With so many channels out there today that your company can use for marketing purposes, but only a small number of channels that your actual customers engage with, we need to be selective about the channels and strategies we use. More marketing is most often never better.
Do you have a marketing to-do list for the new year? Of course–most of us do. But what about a not-to-do list? It turns out that’s at least as important, according to productivity experts.
What exactly is a marketing not-to-do list? It’s a list of marketing activities that:
a) Didn’t yield any results for you in this year, or
b) You can’t measure if it did
A marketing not-to-do list will bring you clarity and prevent burning out your marketing and admin teams as you start to fill up their calendars with more stuff for the new year. Don’t just add more things for them to do without taking away the marketing activity that didn’t work or can’t be measured.

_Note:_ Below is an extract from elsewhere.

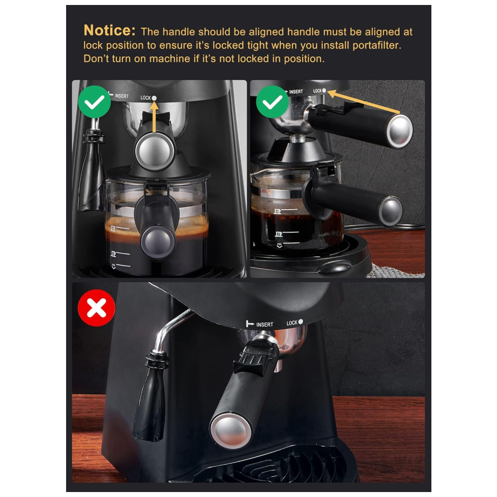 Ao instalar o porta filtro, sua alça deve estar alinhada na posição travada para garantir que esteja bem travado. Para garantir o sabor máximo, use pó de café médio grosso

Stop doing what isn’t working (or worse, hurting)
A business we consulted with recently, a large independent real estate brand, spent hours each week putting together social media posts for its agents to promote their Saturday open homes. You know the ones… the social media post with an image in the background and all the open home times listed on top of the image, inviting potential buyers along.
The client estimated 3-5 hours per week was spent by their admin team putting these posts together for its agents. A deep dive into the analytics found that 98% of the engagement on these posts was from other agents in the office or family members of staff who worked at the office. Worse, a number of their followers were selecting “hide all posts from this company” off the back of these weekly social media posts.
So we decided to put this task on the marketing not-to-do list for next year and replace it with a new strategy for promoting open homes through social media.
Rather than a list of all open homes on a boosted post, the admin team are now creating a Facebook/Instagram ad for each property, targeting locals within a 2-3km radius of the listing, for a budget of just $30 per listing and running the ad between 3 pm and 9 pm on Thursday and Friday (the time most locals in their marketplace are active online), driving traffic back to the listing page on their website – to build momentum for each property leading into the weekend.
An example of what the ad might look like across the Facebook/Instagram network:
Timing of the ad (setup through Facebook Ads manager):
The admin teams have a Facebook/Instagram ad template set up which makes creating these ads much quicker than their previous approach to promoting open homes through social media and it has resulted in a significant increase in website traffic to their listing pages on their website.
By way of measurement, we invited the client to ask each open home attendee how they found out about the open home and we are told that many attendees have sighted the Facebook promotion. It can be difficult to track the offline activity from online marketing but anecdotally the client feels there has certainly been a shift as a result of their new approach.
But the measurable digital marketing results are indisputable. Rather than just a few staff and family members engaging with their social media posts, their website traffic, people in the community visiting their website each day, has increased 400% as a result of their new approach to promoting open homes.
Don’t add more tasks to your marketing and admin team’s list for next year without removing the stuff that didn’t work this year. Unlearn the marketing you’ve done – be bold and try something new that will generate business outcomes.